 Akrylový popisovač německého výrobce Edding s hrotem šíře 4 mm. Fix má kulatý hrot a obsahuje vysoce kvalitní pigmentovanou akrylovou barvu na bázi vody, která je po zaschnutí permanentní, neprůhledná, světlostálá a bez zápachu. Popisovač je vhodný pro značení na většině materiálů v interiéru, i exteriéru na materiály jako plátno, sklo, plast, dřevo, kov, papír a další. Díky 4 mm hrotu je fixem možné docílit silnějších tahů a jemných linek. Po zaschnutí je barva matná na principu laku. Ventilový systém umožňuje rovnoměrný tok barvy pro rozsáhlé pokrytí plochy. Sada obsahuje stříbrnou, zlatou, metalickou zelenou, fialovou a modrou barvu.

################

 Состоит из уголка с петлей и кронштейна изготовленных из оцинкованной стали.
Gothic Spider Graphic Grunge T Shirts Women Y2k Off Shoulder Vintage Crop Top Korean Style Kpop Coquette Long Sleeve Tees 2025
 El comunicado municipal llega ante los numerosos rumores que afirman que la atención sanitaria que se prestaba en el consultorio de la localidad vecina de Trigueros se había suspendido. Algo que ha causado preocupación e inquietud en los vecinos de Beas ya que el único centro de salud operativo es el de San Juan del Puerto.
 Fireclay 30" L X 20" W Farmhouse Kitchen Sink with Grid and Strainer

################

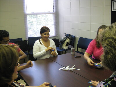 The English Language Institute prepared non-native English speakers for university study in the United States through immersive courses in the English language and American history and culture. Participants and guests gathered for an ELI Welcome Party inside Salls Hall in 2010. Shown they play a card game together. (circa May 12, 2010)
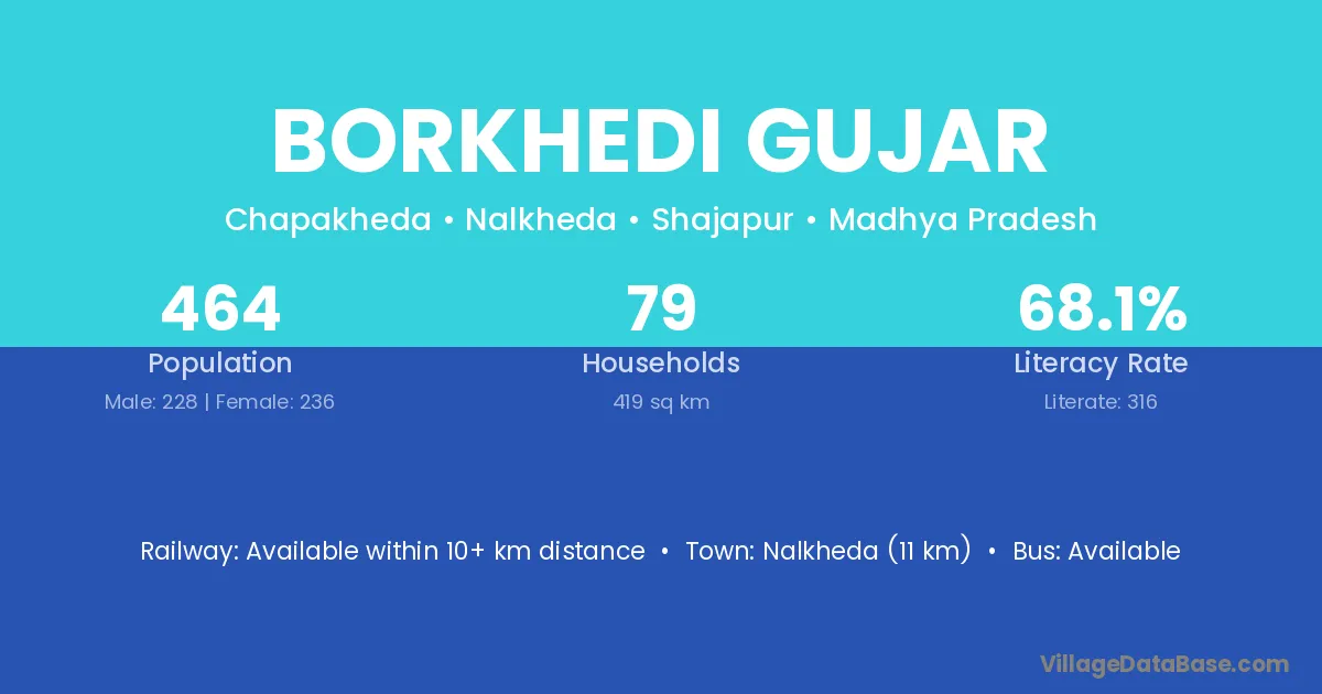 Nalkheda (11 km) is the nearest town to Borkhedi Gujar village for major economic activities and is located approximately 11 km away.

################

REQUIRED WORK -> What to print is the stretch of entries from the line with "The English Language Institute" up to and including the line with "Nalkheda (11 km)". Please print it exactly and leave out the pictures.

EXPECTED ANSWER ->
 The English Language Institute prepared non-native English speakers for university study in the United States through immersive courses in the English language and American history and culture. Participants and guests gathered for an ELI Welcome Party inside Salls Hall in 2010. Shown they play a card game together. (circa May 12, 2010)
 Nalkheda (11 km) is the nearest town to Borkhedi Gujar village for major economic activities and is located approximately 11 km away.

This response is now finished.